Chris Haak/28 Apr, 11/938/0
Editorials

By Chris Haak

Auto executives are, by nature, an optimistic bunch of people.  They’re always on the verge of catching onto the next big trend, of turning around operations, yadda yadda.  Therefore, I raised my eyebrows more than a little bit when I saw what Lexus general manager Mark Templin had to say about his brand’s future.  It wasn’t optimistic; it was downright melancholy.  In an interview with Automotive News, he conceded the luxury-vehicle sales crown for 2011 with seven-plus months remaining in the year.  The reason?

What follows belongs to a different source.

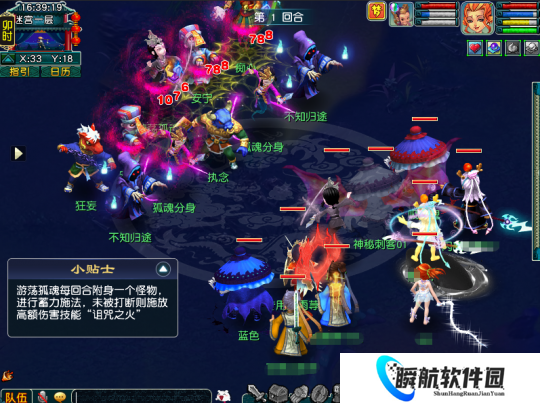 游荡孤魂BOSS是狮驼,变身后使用鹰击打面伤,可以被封印,但回合结束会自动解除。这关的特点是游荡孤魂每回合都会附身一个怪物身上,然后蓄力,若是下回合无法打断则会造成群体伤害。

He’s blaming the Japanese earthquake, which has done great harm to the auto industry supply chain, but in particular, to Japanese auto manufacturers.  Many Japanese OEMs still are not running at full production, including heavyweights Honda and Toyota.  Toyota, in fact, said that it was not likely to resume normal production until November, a full eight months after the March earthquake.  Lexus is particularly affected, though, because the majority of the brand’s models, with the sole exception of the RX crossover, are built in Japan.  In post-tsunami Japan, local auto production is a disadvantage.

Before the earthquake and tsunami hit Japan, however, Lexus was having issues.  Not the least of those issues was the recall crisis of 2010.  Remember how, triggered by the fatal August 2009 crash of a Lexus ES 350 service loaner, nearly the entire Toyota US lineup was recalled for one safety fix or another?  Remember how Toyota executives were called to testify before Congress about the safety of their cars and about the company’s reaction to the crisis?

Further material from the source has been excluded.